If an entry holds a picture, leave that picture out. Give everything else again exactly.
----------------------------------------
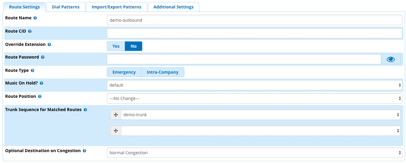 - Once you have entered your dial pattern, click Submit. The outbound route will be configured to your trunk. You must now configure an extension.
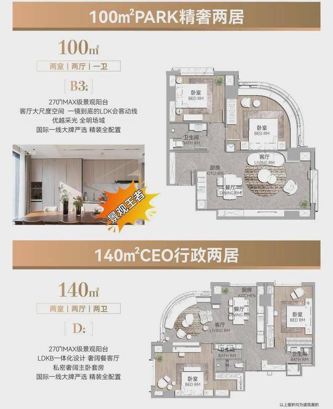 已经开放的100㎡ (建面) 样板间,大面积落地玻璃窗采用弧形设计,带来了优越的采光和视野。
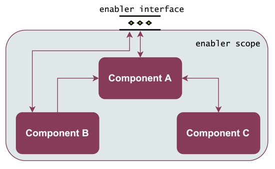 In general, an enabler is the vessel through which modular services, discussed above, are actually delivered. It is a collection of software (and possibly accompanying hardware) components that work together to provide a specific functionality. Internally, an enabler can constitute of any set of components that communicate with each other while being isolated from the outside world. Externally, it is a “black box” that securely exposes selected services. In this sense, the concept is very similar to that of micro-services, with key differences, discussed in this and the following sections. Every enabler must adhere to the following principles:
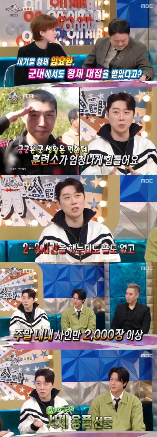 이날 방송에서 임요환은 군대에서도 황제 대접을 받았었다고 말하면서 "공군은 군생활은 편한데 훈련소가 힘들다. 힘든 와중에 저한테 사인회를 해줄 수 있냐고 요청을 하셨다"고 떠올렸다.
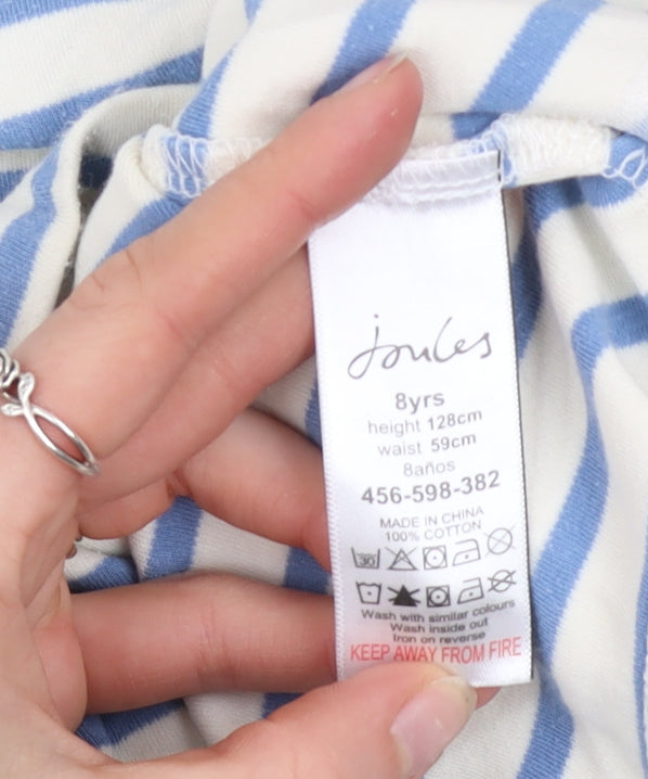 Joules Girls Blue Striped Long Sleeve Cotton Nautical T-Shirt 8 Years
----------------------------------------
▶ Expected output:
 - Once you have entered your dial pattern, click Submit. The outbound route will be configured to your trunk. You must now configure an extension.
 已经开放的100㎡ (建面) 样板间,大面积落地玻璃窗采用弧形设计,带来了优越的采光和视野。
 In general, an enabler is the vessel through which modular services, discussed above, are actually delivered. It is a collection of software (and possibly accompanying hardware) components that work together to provide a specific functionality. Internally, an enabler can constitute of any set of components that communicate with each other while being isolated from the outside world. Externally, it is a “black box” that securely exposes selected services. In this sense, the concept is very similar to that of micro-services, with key differences, discussed in this and the following sections. Every enabler must adhere to the following principles:
 이날 방송에서 임요환은 군대에서도 황제 대접을 받았었다고 말하면서 "공군은 군생활은 편한데 훈련소가 힘들다. 힘든 와중에 저한테 사인회를 해줄 수 있냐고 요청을 하셨다"고 떠올렸다.
 Joules Girls Blue Striped Long Sleeve Cotton Nautical T-Shirt 8 Years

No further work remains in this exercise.